Construyendo nuestra vida con la satisfacción bíblica en mente

por | Dic 2, 2025

Tengo sentimientos encontrados sobre nuestra nueva mantequillera. Durante años, la mantequilla nos dio muchos problemas. Siempre tenía algo que se escurría por los lados. Era como ver una película cutre de los años 60, como “La Mancha Voraz”. Sin embargo, hace unos meses, acabamos con ese problema gracias a una mantequillera con relieves internos.

Para mí, la mantequillera simboliza la vida cotidiana. Con el paso del tiempo, vamos llenando nuestro hogar de cosas buenas. Encontramos ropa que nos gusta, medicamentos que funcionan, colchones cómodos, nuestra silla favorita, una despensa llena de nuestra comida preferida, una alcachofa de ducha perfecta, pasta de dientes que nos gusta, un buen cepillo de dientes, un aire acondicionado que funciona y, por supuesto, la mejor mantequillera.

Se libra una doble batalla al llenar nuestro gallinero. Luchamos por lo que funciona en nuestras vidas y contra lo que nos ataca. Los insectos entran en el gallinero en forma de pulgas, arañas, chinches, mosquitos y termitas.

Luego están los insectos más grandes. Sue y yo tenemos la suerte de tener un gallinero, lo que significa que cada día obtenemos huevos frescos que podemos compartir con familiares, amigos y vecinos. Pero junto con la bendición viene la maldición. Las ratas han infestado el gallinero y los mapaches han matado a varias de nuestras gallinas.

Millones de personas se esforzaron por hacer de sus castillos lugares cómodos y seguros. Pero recientemente, incendios devastadores, inundaciones catastróficas, tornados terribles y huracanes mortales han arrasado castillos, dejando a sus habitantes solo con tristes recuerdos. Hace poco vi a un anciano desolado que lo había perdido todo decir: “Los jóvenes dicen que reconstruirán. Yo no puedo”. Qué tragedia cuando una tragedia nos deja sin esperanza.

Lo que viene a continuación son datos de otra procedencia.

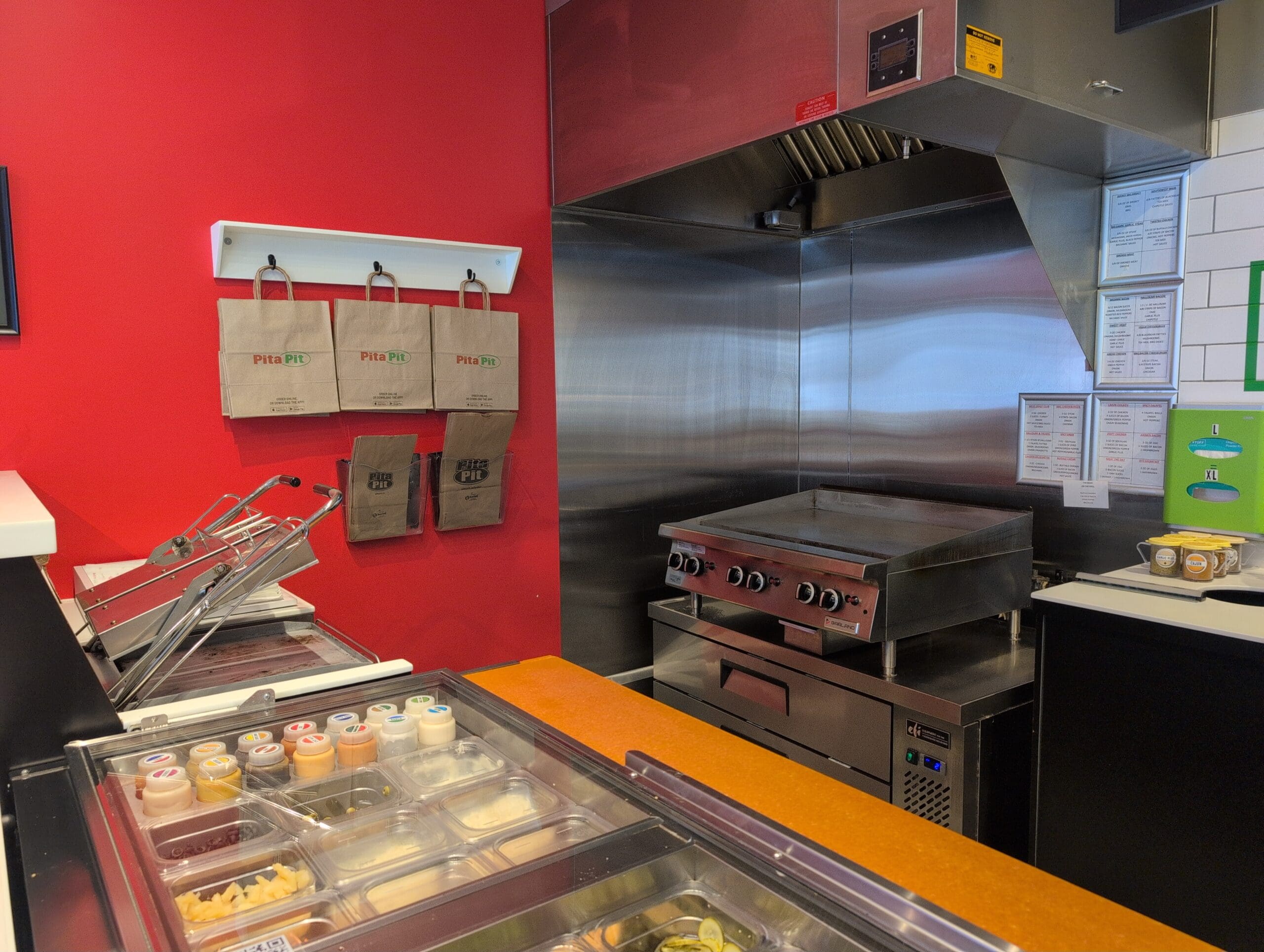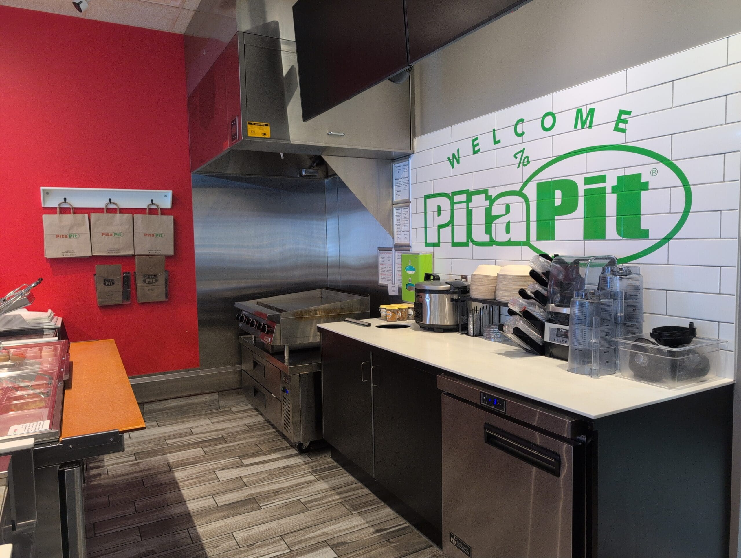 Modern Pita Pit location in Kingston, the hometown where this popular quick service restaurant franchise first began. This 1,161 sq ft space is ideal for a QSR operation with low labour requirements and an efficient layout, including seating for 12 indoors plus 8 on the patio. The unit also features ample parking with space for 100 vehicles, making it highly accessible for both locals and visitors.

Así que, mi mantequillera me produce sentimientos encontrados e inmediatos. Al verla, me siento inmensamente agradecida de tener un techo sobre mi cabeza. Al mismo tiempo, me entristece pensar en tantos que de repente se han quedado sin hogar. También me recuerda la importancia de mantener la mirada fija en el Reino inamovible. Me recuerda asegurarme de haber edificado mi casa sobre roca y no sobre arena, aferrarme con firmeza a lo que tengo en Cristo y no aferrarme a las cosas de este mundo. Que nunca seamos como aquel hombre que construyó graneros enormes, a quien Dios le dijo: “¡Necio! Esta noche te pedirán tu alma”.

Que siempre mantengamos la mirada fija en Jesús:

“No lo digo porque tenga escasez, pues he aprendido a contentarme, cualquiera que sea mi situación. Sé vivir humildemente, y sé tener abundancia; en todo y por todo estoy enseñado, así para estar saciado como para tener hambre, así para tener abundancia como para padecer necesidad. Todo lo puedo en Cristo que me fortalece” (Filipenses 4:11-13).